• Task details
From the line with "Бизнесмен в виртуальной" to the line with "Вначале показывается информация", output every line below exactly, both ends included. Skip the pictures.

• Working data
BEGIN
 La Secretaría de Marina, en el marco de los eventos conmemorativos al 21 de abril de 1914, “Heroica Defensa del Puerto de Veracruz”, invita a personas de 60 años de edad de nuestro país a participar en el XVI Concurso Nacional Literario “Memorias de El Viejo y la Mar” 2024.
END
BEGIN
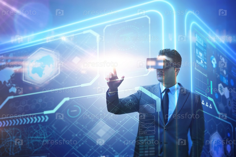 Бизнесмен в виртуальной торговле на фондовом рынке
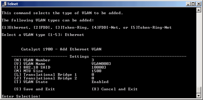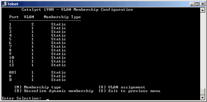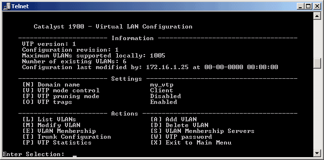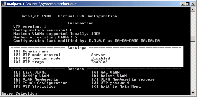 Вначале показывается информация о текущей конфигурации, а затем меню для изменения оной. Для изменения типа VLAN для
END
BEGIN
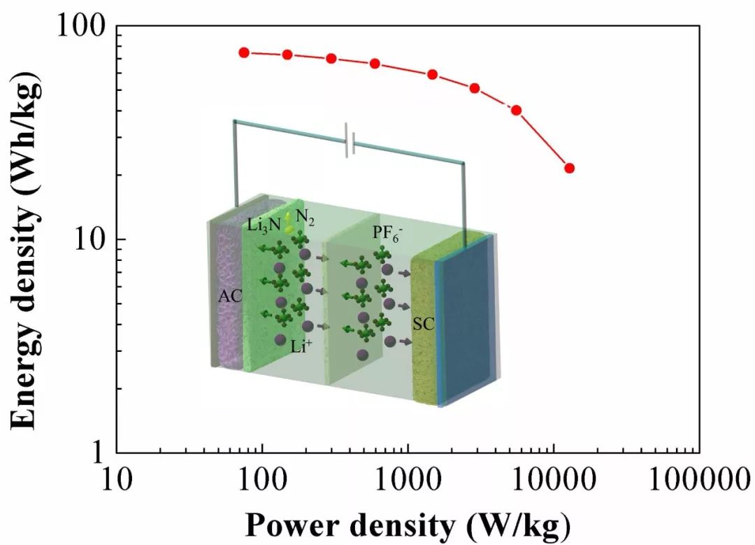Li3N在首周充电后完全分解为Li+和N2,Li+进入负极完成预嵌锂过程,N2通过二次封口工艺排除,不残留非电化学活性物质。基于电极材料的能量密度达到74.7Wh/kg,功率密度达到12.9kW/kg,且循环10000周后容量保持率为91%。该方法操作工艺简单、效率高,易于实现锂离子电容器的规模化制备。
END
• Solution to this exercise
 Бизнесмен в виртуальной торговле на фондовом рынке
 Вначале показывается информация о текущей конфигурации, а затем меню для изменения оной. Для изменения типа VLAN для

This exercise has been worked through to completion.